MATERIAL SHOWN:
____
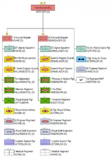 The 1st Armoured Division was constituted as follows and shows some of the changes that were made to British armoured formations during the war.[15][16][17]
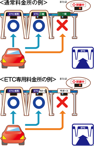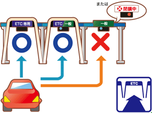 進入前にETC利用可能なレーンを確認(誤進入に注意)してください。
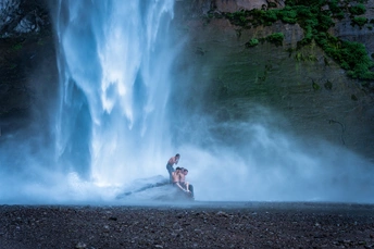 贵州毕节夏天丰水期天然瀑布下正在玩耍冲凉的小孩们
____
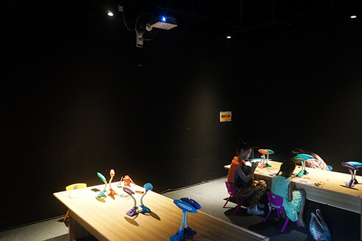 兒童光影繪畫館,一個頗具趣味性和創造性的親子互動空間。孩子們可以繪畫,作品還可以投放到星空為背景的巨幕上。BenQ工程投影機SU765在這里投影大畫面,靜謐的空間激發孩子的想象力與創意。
____
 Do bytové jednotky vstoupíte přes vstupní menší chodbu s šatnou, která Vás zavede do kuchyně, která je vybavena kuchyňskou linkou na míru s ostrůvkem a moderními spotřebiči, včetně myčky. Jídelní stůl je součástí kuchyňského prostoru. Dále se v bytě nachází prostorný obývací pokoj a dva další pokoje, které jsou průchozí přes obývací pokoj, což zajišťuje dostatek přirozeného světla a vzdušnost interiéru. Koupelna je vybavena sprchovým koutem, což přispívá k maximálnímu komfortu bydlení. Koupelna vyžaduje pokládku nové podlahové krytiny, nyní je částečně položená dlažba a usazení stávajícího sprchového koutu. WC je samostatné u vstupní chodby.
____
Retype the lines above exactly as they appear, from the line containing "The 1st Armoured" through the line containing "贵州毕节夏天丰水期天然瀑布下正在玩耍冲凉的小孩们", and leave out any pictures.

TASK RESPONSE:
 The 1st Armoured Division was constituted as follows and shows some of the changes that were made to British armoured formations during the war.[15][16][17]
 進入前にETC利用可能なレーンを確認(誤進入に注意)してください。
 贵州毕节夏天丰水期天然瀑布下正在玩耍冲凉的小孩们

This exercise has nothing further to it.